# ACTION ITEM
What you return must match the listing below exactly, minus any pictures.

# SUPPLIED INFORMATION
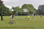 The first involved the drummer. Someone clearly too offence to his frantic beating, and intervened. She firstly took the drum from him then put her fist through the drumskin! As you can imagine that caused a certain amount of furore and I do wonder whether the players picked up on what was going on behind the goal. Eventually the young man was reunited with what was left of his drum, and rather unfairly I thought, was excorted from the premises. For my way of think, save for having absolutely no sense of rhythm he’d done nothing wrong.
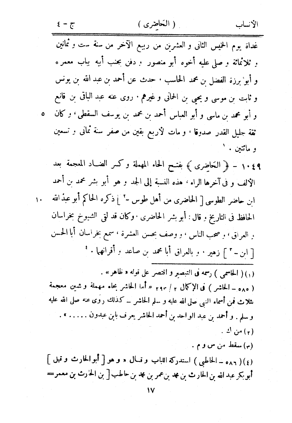 [4] (586- الحاطبى) استدركه اللباب وقال «وهو [أبو الحارث وقيل] أبو بكر عبد الله بن الحارث بن محمد بن عمر بن محمد بن حاطب [بن الحارث بن معمر
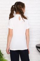Базовая школьная блузка для девочек с коротким рукавом. Нарядная блузка станет основой как повседневного, так и праздничного образа. Мягкое кружево по воротнику - стойке и низу рукава придает модели нежности. Модель составит одинаково удачный комплект и с юбкой, и с брюками. Блузка сшита из качественного трикотажа, используемый материал не теряет форму после многократных стирок, мягкий и приятный к телу, устойчив к износу. Для сохранения первоначальных свойств изделия, важно соблюдать рекомендации по уходу.
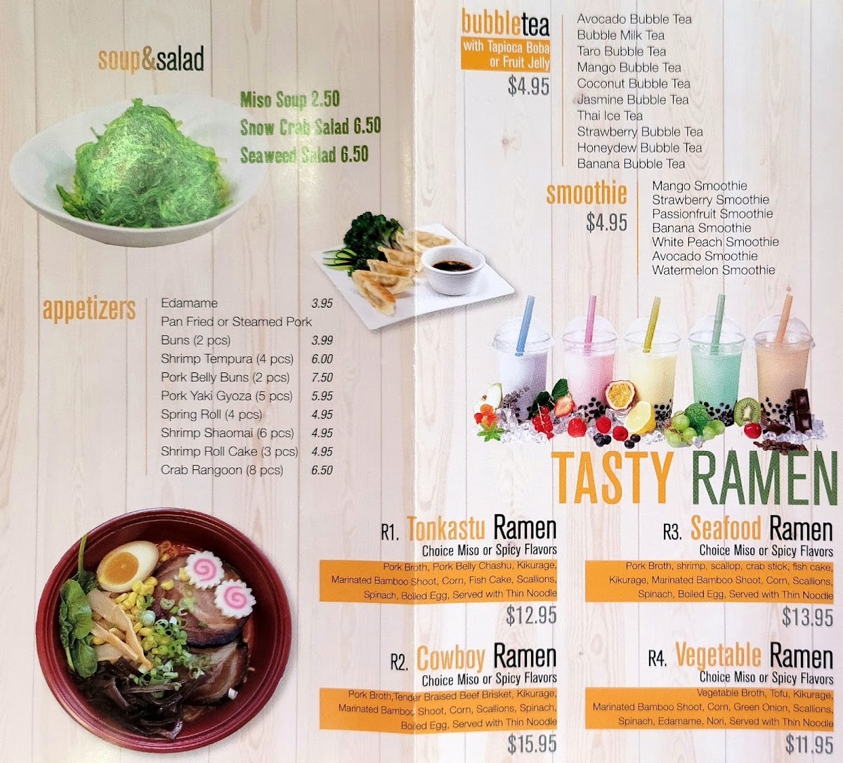 But the menu doesn’t stop there—indulge in their hearty ramen offerings, including the beloved Tonkotsu Ramen, praised for its melt-in-your-mouth pork. Additionally, discover a refreshing array of bubble teas, each priced at just $7.50, perfect to complement your meal.

# RESPONSE TO THIS TASK
 The first involved the drummer. Someone clearly too offence to his frantic beating, and intervened. She firstly took the drum from him then put her fist through the drumskin! As you can imagine that caused a certain amount of furore and I do wonder whether the players picked up on what was going on behind the goal. Eventually the young man was reunited with what was left of his drum, and rather unfairly I thought, was excorted from the premises. For my way of think, save for having absolutely no sense of rhythm he’d done nothing wrong.
 [4] (586- الحاطبى) استدركه اللباب وقال «وهو [أبو الحارث وقيل] أبو بكر عبد الله بن الحارث بن محمد بن عمر بن محمد بن حاطب [بن الحارث بن معمر
Базовая школьная блузка для девочек с коротким рукавом. Нарядная блузка станет основой как повседневного, так и праздничного образа. Мягкое кружево по воротнику - стойке и низу рукава придает модели нежности. Модель составит одинаково удачный комплект и с юбкой, и с брюками. Блузка сшита из качественного трикотажа, используемый материал не теряет форму после многократных стирок, мягкий и приятный к телу, устойчив к износу. Для сохранения первоначальных свойств изделия, важно соблюдать рекомендации по уходу.
 But the menu doesn’t stop there—indulge in their hearty ramen offerings, including the beloved Tonkotsu Ramen, praised for its melt-in-your-mouth pork. Additionally, discover a refreshing array of bubble teas, each priced at just $7.50, perfect to complement your meal.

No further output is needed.